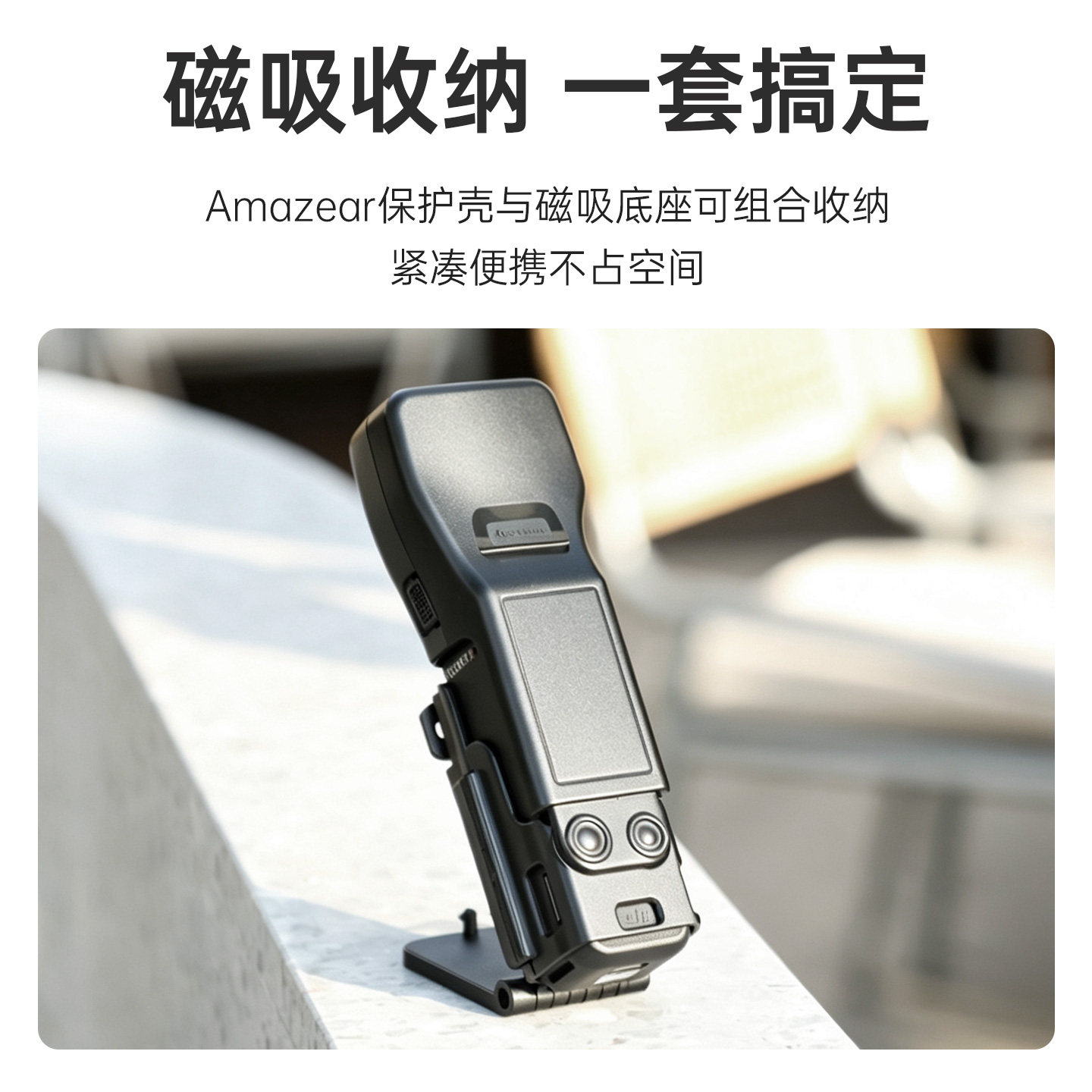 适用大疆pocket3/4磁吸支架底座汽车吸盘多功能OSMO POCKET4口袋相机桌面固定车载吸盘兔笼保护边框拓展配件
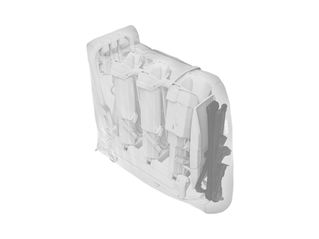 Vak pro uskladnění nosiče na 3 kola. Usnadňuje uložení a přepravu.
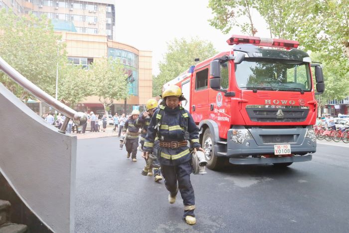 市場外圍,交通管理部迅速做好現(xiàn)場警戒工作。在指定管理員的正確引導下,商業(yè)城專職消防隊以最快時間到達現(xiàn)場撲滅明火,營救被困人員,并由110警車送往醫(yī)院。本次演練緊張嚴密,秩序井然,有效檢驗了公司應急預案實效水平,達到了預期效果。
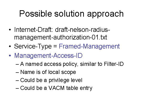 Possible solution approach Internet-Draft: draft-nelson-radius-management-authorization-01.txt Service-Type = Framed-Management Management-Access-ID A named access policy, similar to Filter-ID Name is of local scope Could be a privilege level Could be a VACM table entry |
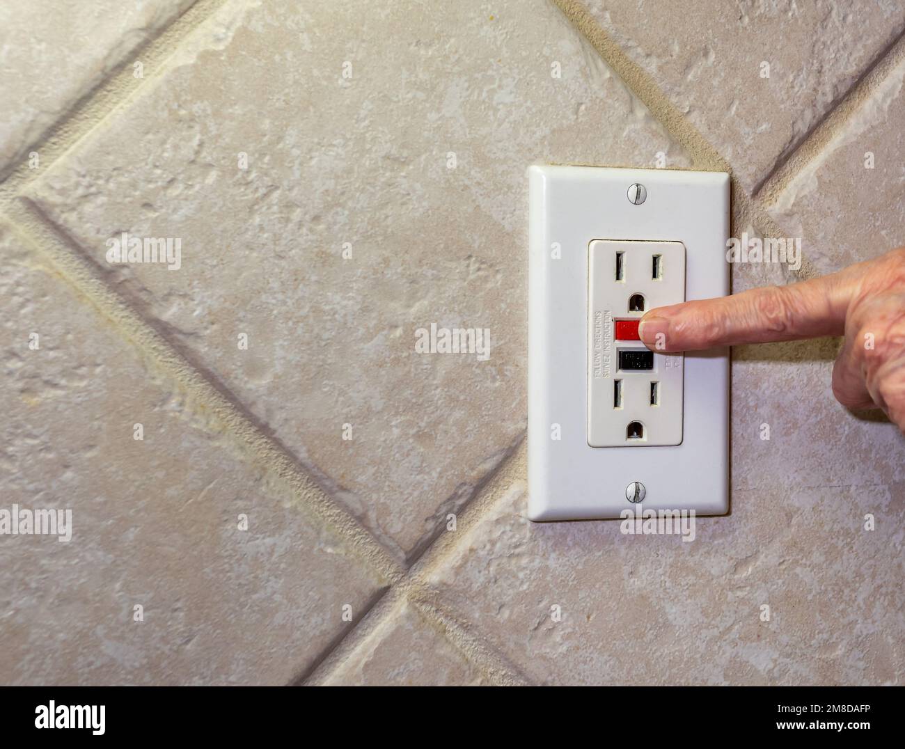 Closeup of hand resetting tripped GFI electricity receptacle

* _Task requirements_:
Reproduce each line of the records exactly, and omit every picture.

* _Output of the exercise_:
 适用大疆pocket3/4磁吸支架底座汽车吸盘多功能OSMO POCKET4口袋相机桌面固定车载吸盘兔笼保护边框拓展配件
 Vak pro uskladnění nosiče na 3 kola. Usnadňuje uložení a přepravu.
 市場外圍,交通管理部迅速做好現(xiàn)場警戒工作。在指定管理員的正確引導下,商業(yè)城專職消防隊以最快時間到達現(xiàn)場撲滅明火,營救被困人員,并由110警車送往醫(yī)院。本次演練緊張嚴密,秩序井然,有效檢驗了公司應急預案實效水平,達到了預期效果。
 Possible solution approach Internet-Draft: draft-nelson-radius-management-authorization-01.txt Service-Type = Framed-Management Management-Access-ID A named access policy, similar to Filter-ID Name is of local scope Could be a privilege level Could be a VACM table entry |
 Closeup of hand resetting tripped GFI electricity receptacle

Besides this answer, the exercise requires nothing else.